- Born: John Joseph Bergen August 7, 1895 Pottsville, Pennsylvania
- Died: December 11, 1980 (aged 85) Cuernavaca
- Known for: Planning construction of current Madison Square Garden
- Branch: United States Naval Reserve
- Rank: Rear admiral
- Awards: World War I Victory Medal American Campaign Medal Asiatic–Pacific Campaign Medal World War II Victory Medal Naval Reserve Medal

= John J. Bergen =

John Joseph Bergen (August 7, 1895 – December 11, 1980) was an American businessman who served as chairman of the Madison Square Garden Corporation.

==Early life==
Bergen was born to Thomas D. and Ellen Bergen on August 7, 1895, in Pottsville, Pennsylvania, where his father owned a coal mine. He began his business career at the age of 16, when he hired some friends to sell furniture polish created by a chemist friend. Through his father he got to know General Motors president William C. Durant, who had a policy on personally calling all GM car owners. Durant hired Bergen as an office boy.

==Military service==
On June 3, 1918, Bergen enlisted in the Naval Reserve Force as a Chief Machinist's Mate. After training on the USS Granite State, he was sent to France, where he piloted seaplanes in Brest, France. He returned to the United States on November 15, 1918, and was placed on inactive status on December 3, 1918. He received an honorable discharge on September 30, 1921.

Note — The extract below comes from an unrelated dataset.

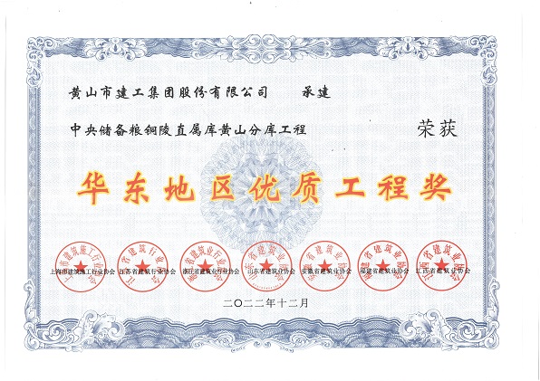 由黃山建工集團(tuán)股份有限公司承建的“中央儲(chǔ)備糧銅陵直屬庫(kù)黃山分庫(kù)工程”榮獲華東地區(qū)各省建筑業(yè)協(xié)會(huì)聯(lián)合頒發(fā)的“華東地區(qū)優(yōu)質(zhì)工程獎(jiǎng)”。

Bergen remained involved in aviation after the war, financing Wooster and Davis's unsuccessful transatlantic flight and sponsoring the construction of Newark Airport.

Bergen returned to the Naval Reserve as a Lieutenant on July 16, 1926. He was promoted to Lieutenant Commander on June 8, 1938. On May 18, 1942, was called to active duty. He was soon promoted to Commander and assigned to the Secretary of the Navy's office. After completing a course at the Naval War College, he reported to Commander Fleet Air, South Pacific. From December 1943 to March 1944 he served at the Naval Station Puget Sound. In April 1944 he was made Chief of Staff and Public Relations Officer to the Commandant of the Base. He was detached for terminal leave on August 27, 1944, and released on inactive status three months later.

Bergen returned to the reserve after the war, retiring with the rank of Rear Admiral. He was awarded the World War I Victory Medal, American Campaign Medal, Asiatic–Pacific Campaign Medal, World War II Victory Medal, and Naval Reserve Medal.

==Business career==
In 1922, Bergen became president of the Flint Motor Company. He then served as a district manager of Durant Motors. Bergen was also a business associate of Eddie Dowling and helped finance Shadow and Substance and The White Steed.

In 1927, Bergen started his own wholesale underwriting firm, the John J. Bergen & Company. John J. Bergen & Company underwrote stock for Grumman, Willys-Overland, United Aircraft, Bank of America, and General Instrument. In 1941, John J. Bergen & Company purchased 57% of Gar Wood Industries.

Bergen served as chairman of Gar Wood Industries, Louis Sherry Inc., Childs Company, Graham-Paige, New Haven Clock and Watch, Hotel Corporation of America, and Royal American Corporation. From 1952 to 1955 he was president of Graham-Paige. In 1960, Bergen lost his bid for Washington D.C.'s American League expansion team to Elwood Richard Quesada.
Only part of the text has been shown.